Отелится ли корова, слученная с быком? Созреют ли виноград и оливы? Хватит ли у сына силы для заступа и копья? Это было их заботой.
Мы, правнуки, живем в беспокойное время. Страсть к деньгам погубила не одну душу. Это единственная, большая, вечная страсть. Вместо песен бряцание мечей и тысячи голодающих. Смех сегодня напоминает плач. Под ногами у нас горит земля. Будущее неизвестно…
Сенека, сгорбившийся в кресле, укутанный в плащ, несмотря на то что дом был натоплен, раскашлялся.
– Золотыми были не только старые времена Сатурна. Ты видишь все в слишком черных красках, мой дорогой Анней, – сказал Сервий.

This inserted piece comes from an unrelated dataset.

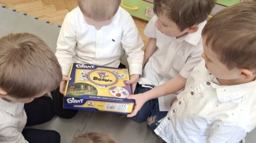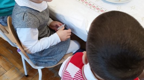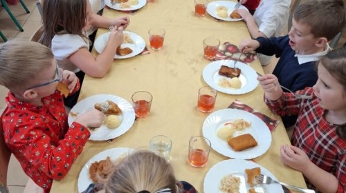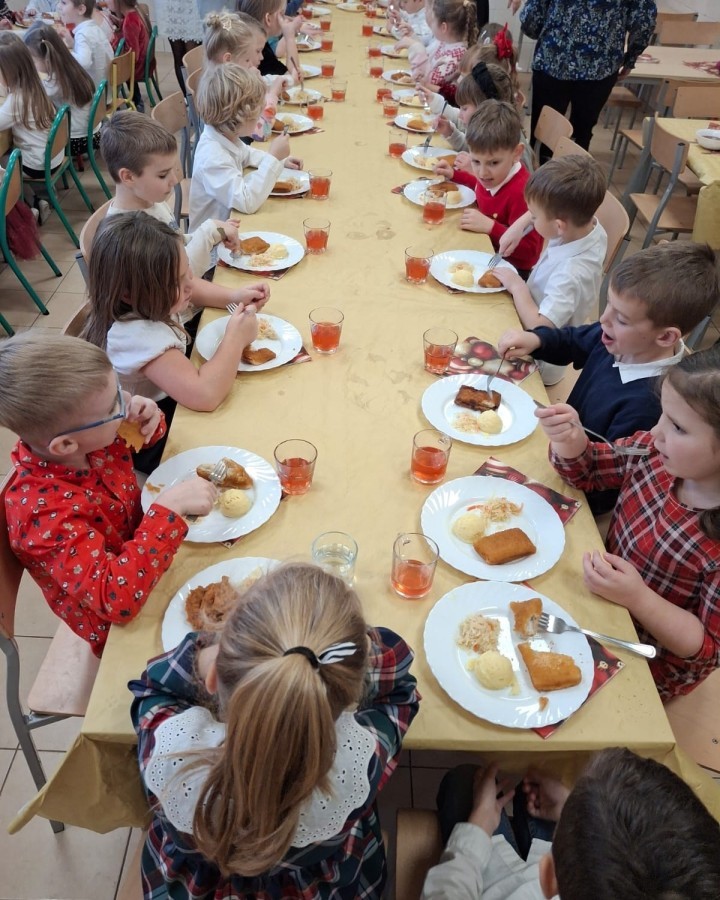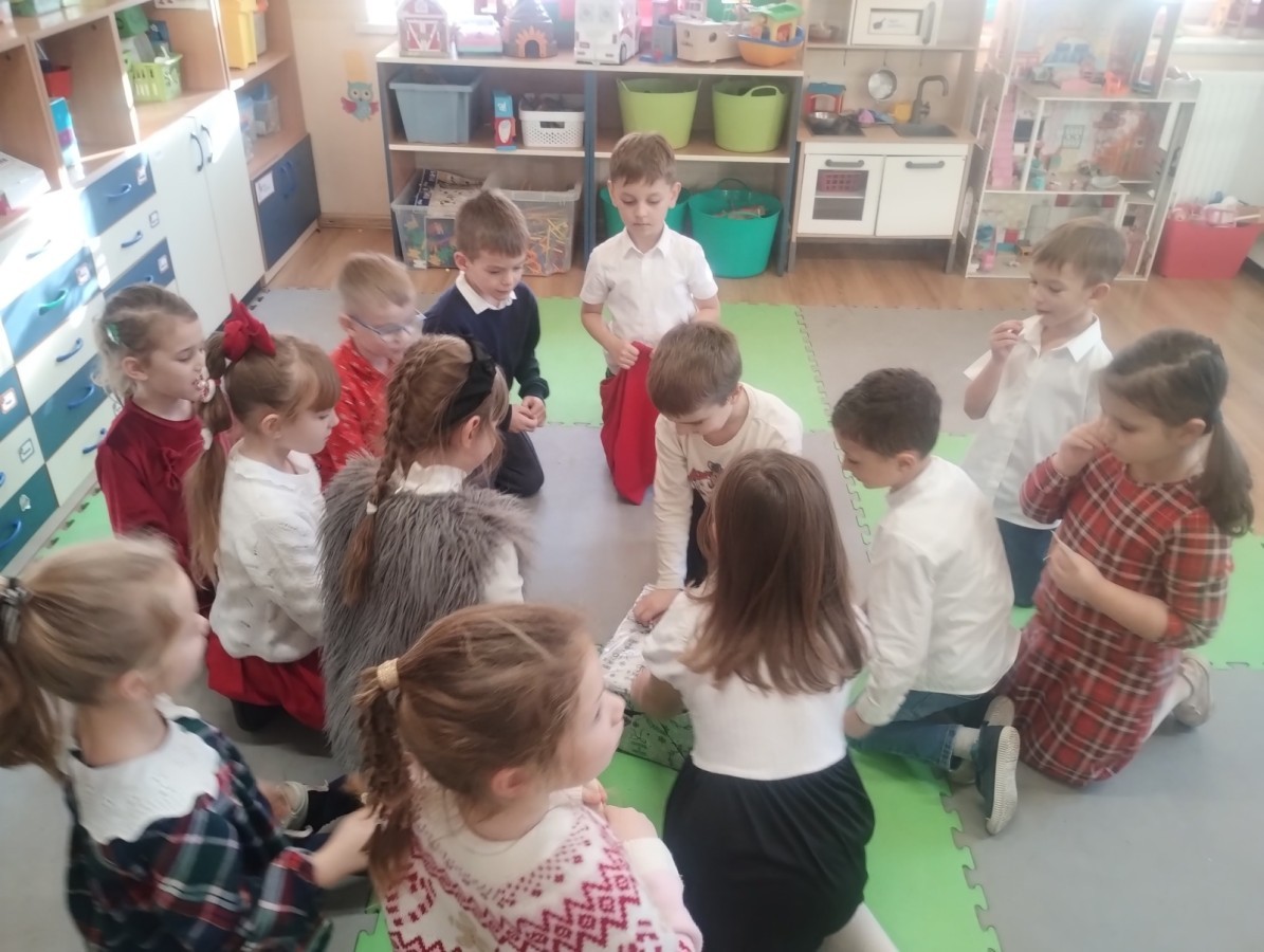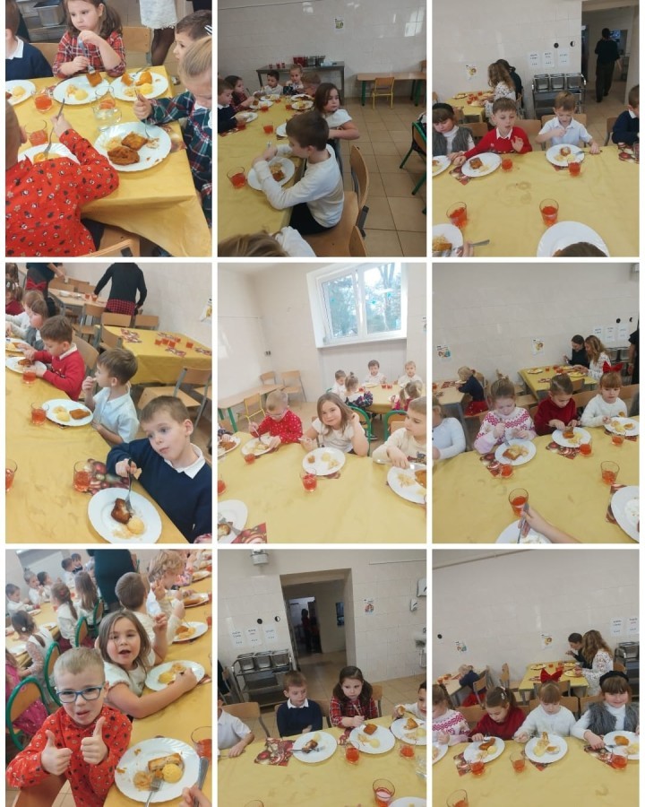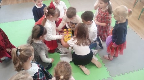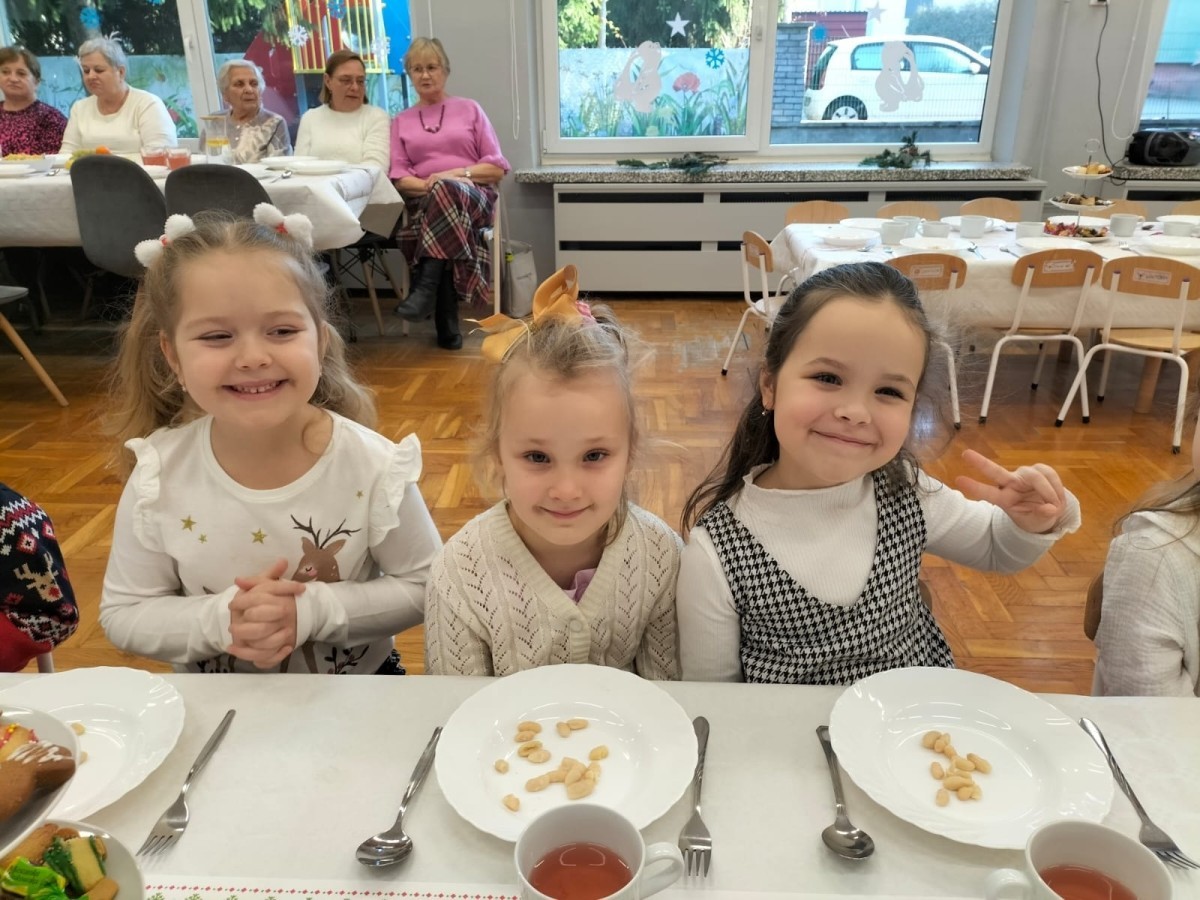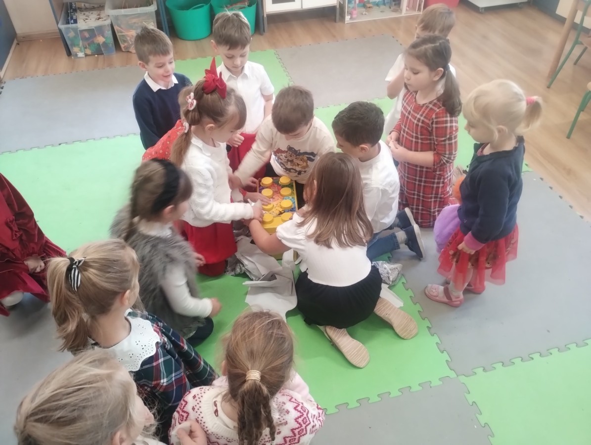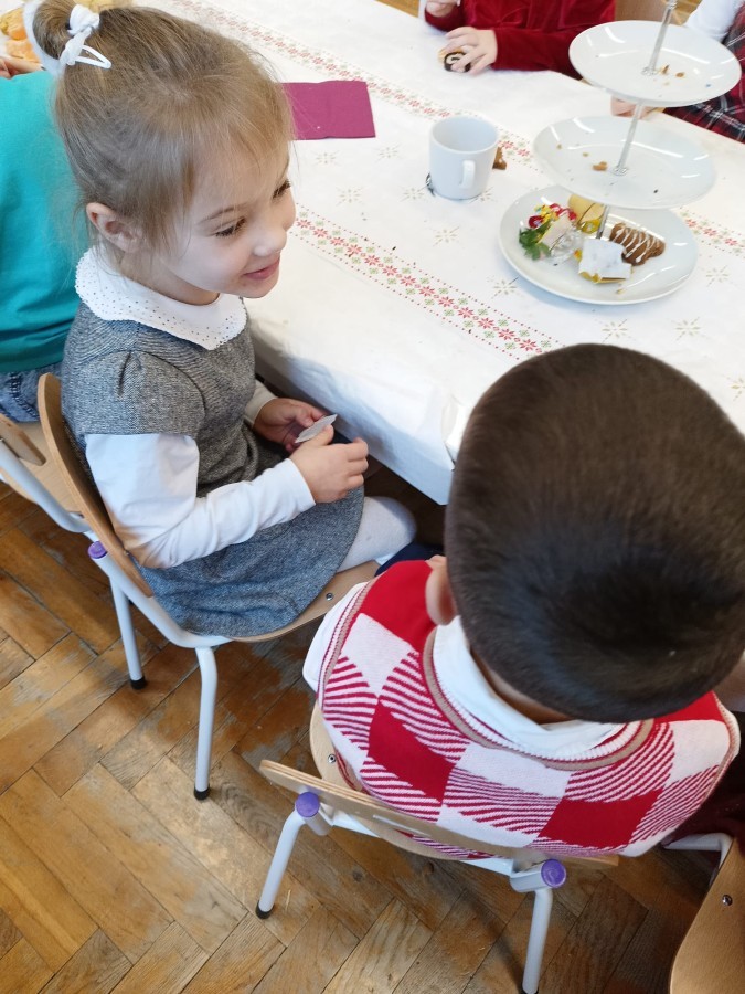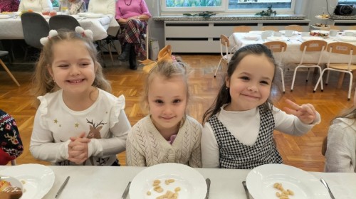 Przy świątecznym stole, w ciepłej i radosnej atmosferze, dzieci wspólnie kolędowały, składały sobie życzenia oraz dzieliły się opłatkiem.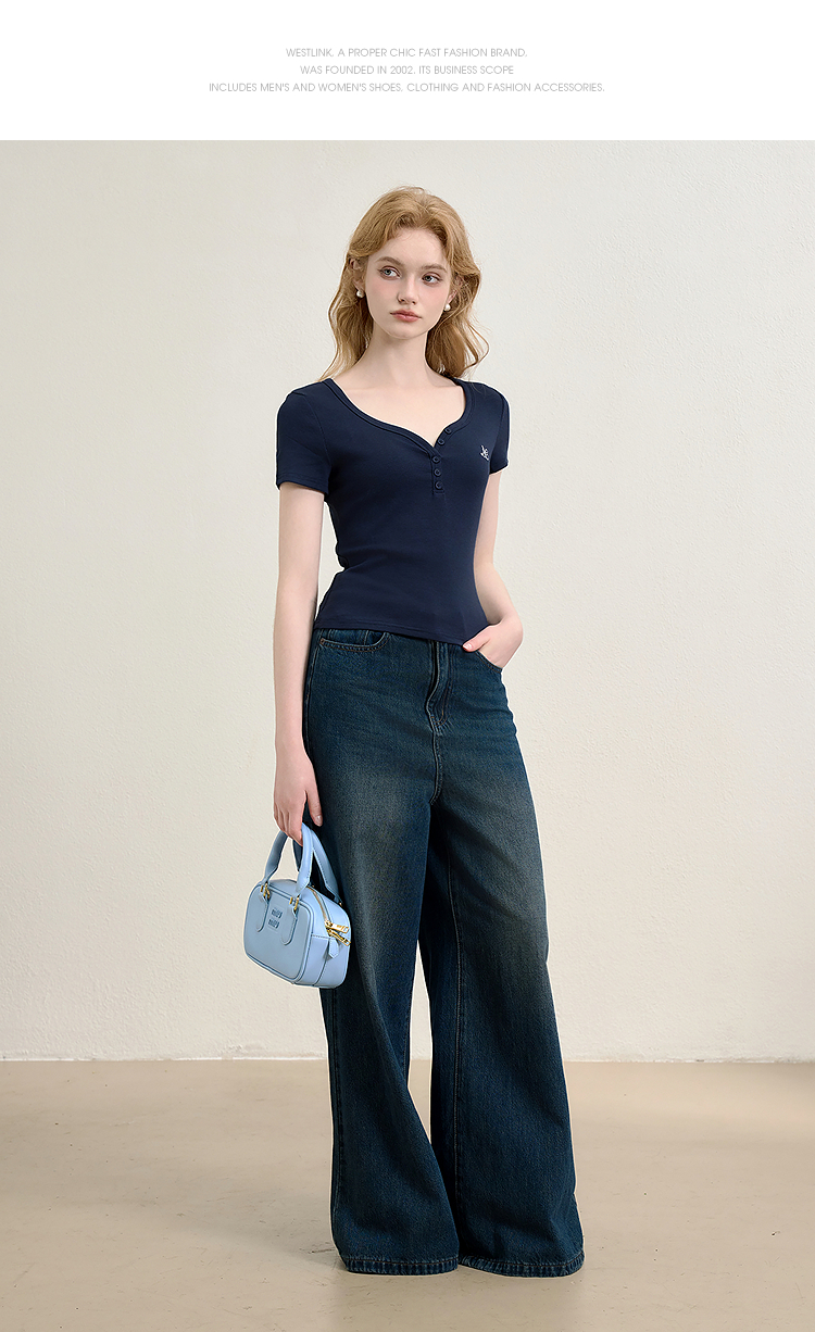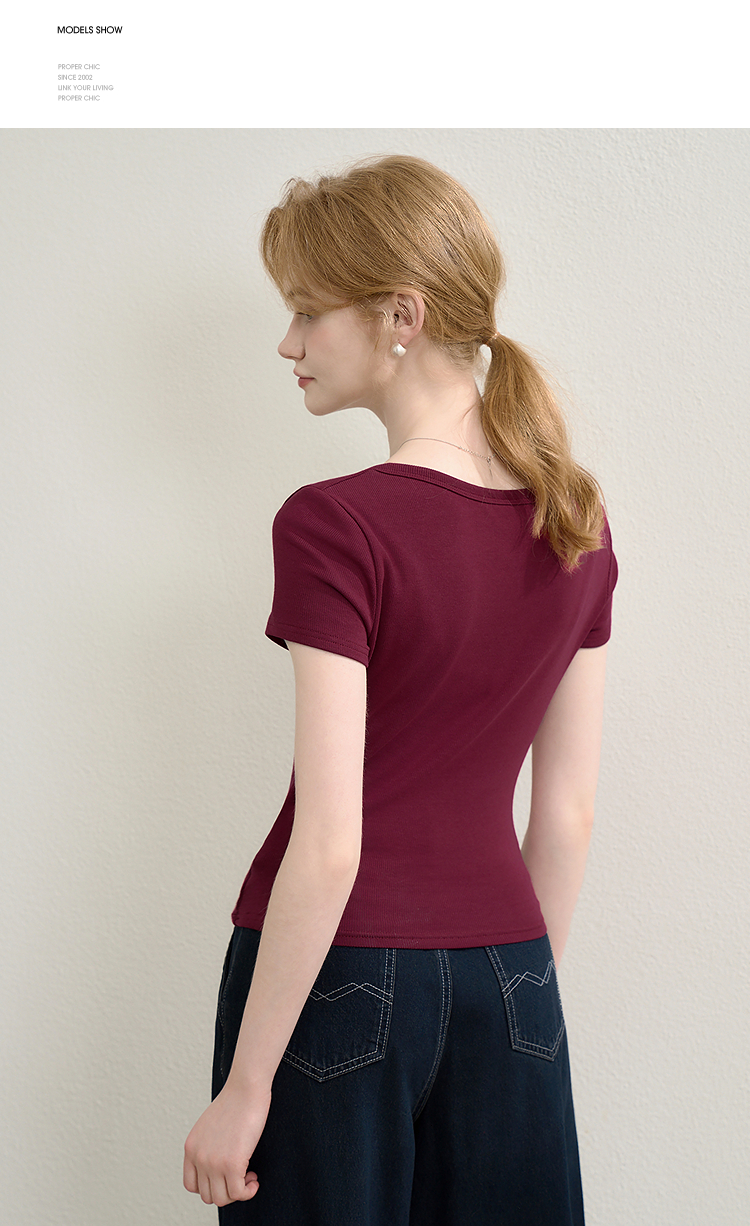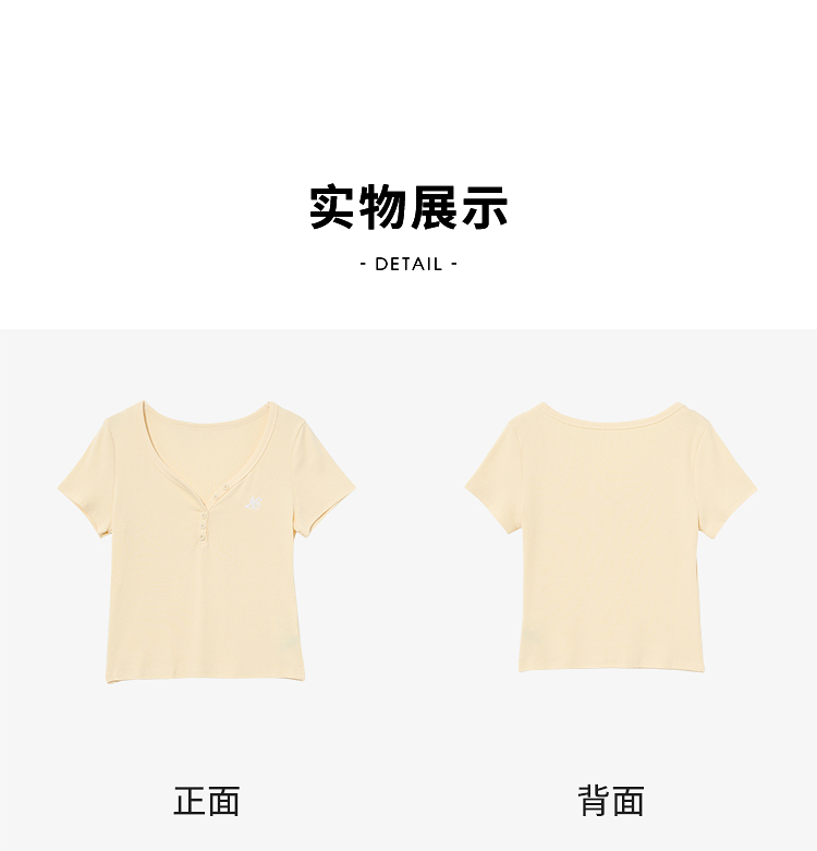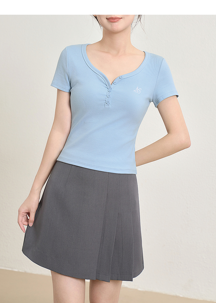 【限时秒杀】法式复古刺绣正肩大领口短袖T恤女夏季弹力修身短款上衣V0050353

– А что в этом удивительного? – усмехнулся философ. – Мои детские сны баюкал Гвадалквивир, черный от земли. И пальмы в Кордове были скорее черными, чем зелеными. А Рим? Сегодняшний Рим? Жизнь здесь тяжелее, чем земля, воздух густой, удушливый, тень чернее ночи, а заря – это лужа чернеющей крови…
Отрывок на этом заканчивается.